MSI and MSI-X interrupt management for PCI passthrough devices create
a new per-interrupt context every time an interrupt is allocated,
freeing it when the interrupt is freed.
The per-interrupt context contains the properties of a particular
interrupt. Without a property that persists across interrupt allocation
and free it is acceptable to always create a new per-interrupt context.
INTx interrupt context has a "masked" property that persists across
allocation and free and thus preserves its interrupt context
across interrupt allocation and free calls.
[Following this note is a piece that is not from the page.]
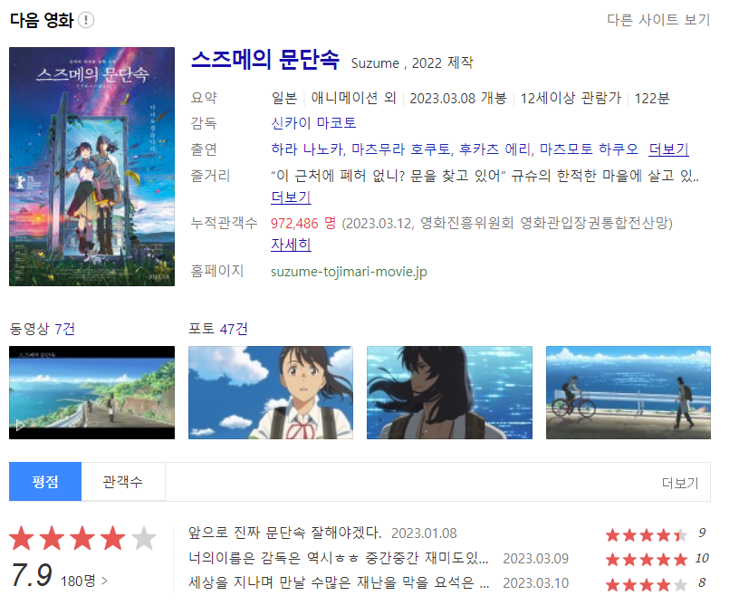네이버와 다음 평점을 기존의 재난 3부작이라 불리는 신카이 마코토 감독의 다른 2 영화와도 비교해 봤다. 이렇게 보니 너의 이름은이 가장 높고 날씨의 아이와 스즈메의 문단속은 뭔가 비슷한데 옆치락 뒤치락하는 것 같다.

MSI and MSI-X interrupts already remain allocated across interrupt
allocation and free requests, additionally maintaining the
individual interrupt context is a reflection of this existing
behavior and matches INTx behavior so that more code can be shared.
An additional benefit is that maintaining interrupt context supports
a potential future use case of emulated interrupts, where the
"is this interrupt emulated" is a property that needs to persist
across allocation and free requests.
Persistent interrupt contexts means that existence of per-interrupt
context no longer implies a valid trigger, pointers to freed memory
should be cleared, and a new per-interrupt context cannot be assumed
needing allocation when an interrupt is allocated.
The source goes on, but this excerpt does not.